The certificates along with the applicant’s choice of weapon and the preferred source of firearm are then attached to the application form which is then sent back to the police’s department of private security and firearms for onward transmission to the office of the Inspector General of Police (IGP).
Once the application is approved by the IGP, it is then sent to the Internal Affairs minister for approval. Ministerial approval means that the applicant is issued with a certificate to carry a firearm.

The Act also gives the minister the power to direct the Chief licensing officer of the Firearms’ Licensing Board to issue a firearm certificate without the applicant going through the ordinary channels
Once the certificate is issued, the applicant then undergoes training at the CID training school at Kibuli. Acquisition of a firearm is subject to provision of a medical report showing that the applicant is mentally fit to possess a firearm, proof that one has undergone firearms training and an invoice from the gun suppliers.

What training hurdles does one have to jump before acquiring a firearm?
While the process of applying for a firearm is elaborate, even rigorous, the training and general preparation of individuals to operate and manage firearms has since come under the microscope.
Mr Grace Matsiko, the chairperson of the Uganda Private Security Association, described the training period as “not adequate enough for safety of both the operator and the public” as weapons require meticulous handling.
“We are aware of the vigorous vetting process of one to acquire a private firearm, but there is still   need for stringent measures in the area of training and intentions of those seeking to acquire a private firearm,” Mr Matsiko said.

There are conflicting reports about the duration of the training that one goes through before being allowed to carry his gun home.

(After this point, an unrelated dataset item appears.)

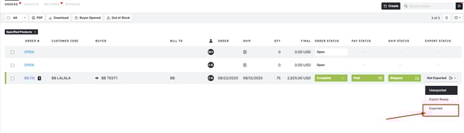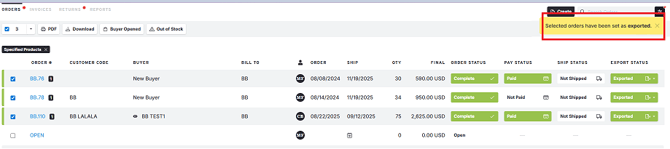 - A confirmation message will appear when the Orders are successfully Exported and their Export Status labels will be green.

Last April, as the police announced a raft of services that the Force is set to offer to the public in the financial year 2022/2023 as part of an effort to meet a Shs30b non-tax revenue target, Mr Enanga indicated that the training period is a maximum of two months. He added: “The police usually recommends you to go to Kibuli to a firearms trainer who takes you through gun handling, aiming, shooting, safe procedures and all those other processes.”

However, an officer who talked to this publication revealed that the duration of training is two weeks with weapon handling. Management and marksmanship, he added, take a maximum of three days. Brig Felix Kulayigye, the Defence ministry spokesperson, described as “inadequate” the training period.
“The issue is not about the gun. The issue is the man behind the gun. The army addresses the man behind the gun. On top of the weapon handling and the marksmanship we deal with the minds and hearts that hold the gun. That requires some time,” Brig Kulayigye said.

Mr Enanga told Monitor that the Force is considering introducing refresher courses for all those licensed to carry private firearms.
“We give them basic training, but then individually we urge them to go for more training. However, the department of private security and firearms intends to have refresher courses in each region. That is our plan given what has been happening,” Mr Enanga said.